How far the incoming administration’s antitrust enforcers will push for more reforms in the real estate sector is still up in the air. Although it’s unclear if it would take any official action, the Department of Justice stated in a recent filing that it “continues to scrutinize policies and practices in the residential real estate industry that may stifle competition.”
The Federal Trade Commission will be more inclined to authorize mergers and acquisitions between big businesses under the incoming government. The U.S. real estate market has historically been fragmented, with numerous brokerages and real estate search sites of all sizes and business models vying for agents and clients, in contrast to other sectors with a small number of dominating firms. We’re likely to see more roll-ups of brokerages, lenders, and title businesses hoping to increase business from every client, even though it’s not unusual for larger brokerages to have connected mortgage or title services.

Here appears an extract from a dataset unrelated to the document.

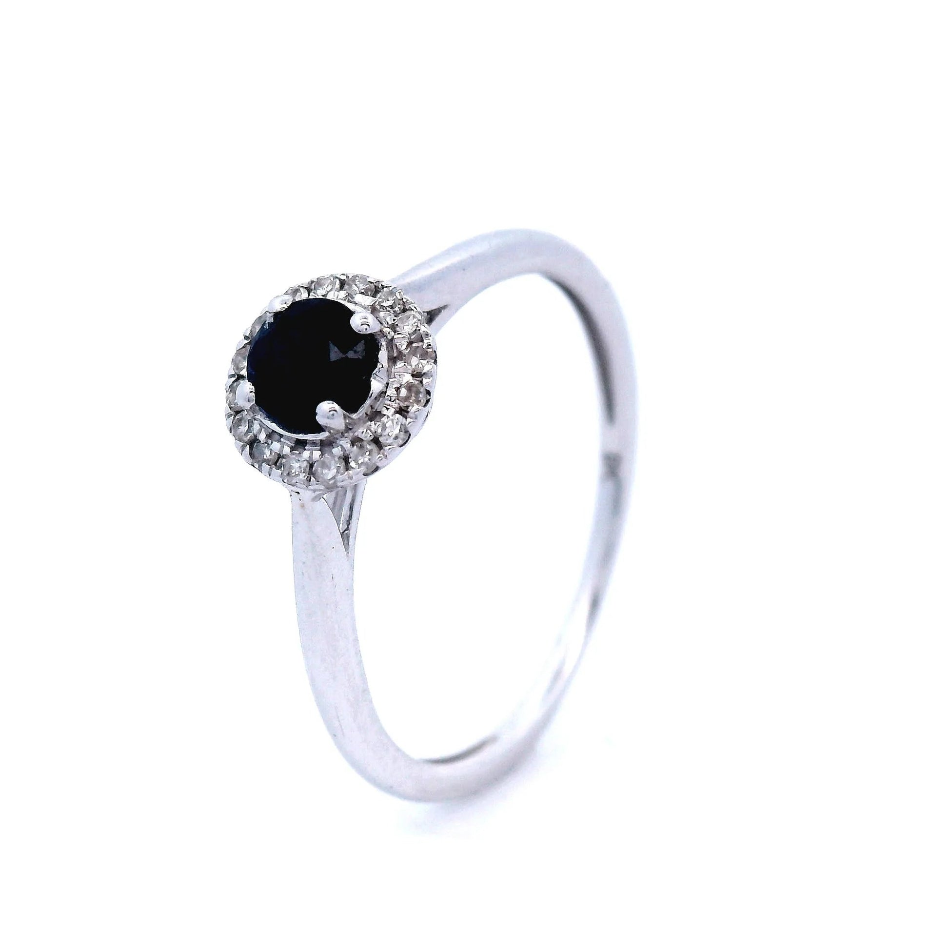 Sapphire and Diamond Halo Dress Ring in White Gold

Individual Homes Will Be Priced to Reflect Climate Risks
In climate-risky areas, such as coastal Florida, wildfire-prone areas of California, and hurricane-prone areas of Texas, the likelihood of natural disasters will begin to drive down property prices or restrict price growth. The riskiness of each property will inevitably increase the knowledge of homebuyers and their agents. Due to their relative affordability and relative protection from climate-related calamities, the Midwest and Northeast will see an increase in the number of homebuyers.
For many middle- and lower-class homeowners in Florida, Hurricanes Helene and Milton marked a sea change. Compared to the previous year, fewer out-of-town purchasers sought to relocate to Florida this fall, but more homebuyers sought to depart the state. Only the wealthy who can afford to rebuild or pay exorbitant insurance rates may be able to afford to reside in coastal Florida. The luxury market around Florida’s coast is expected to remain robust, according to Redfin.
Compared to higher-priced homes, lower-priced homes will increase in 2025, but not because more young Americans or members of the working class are becoming homeowners. Rather, older purchasers who are priced out of higher price tiers will buy inexpensive homes. In contrast, Gen Zers will continue to rent or live with family long into their 30s, choosing instead to accumulate money in other ways.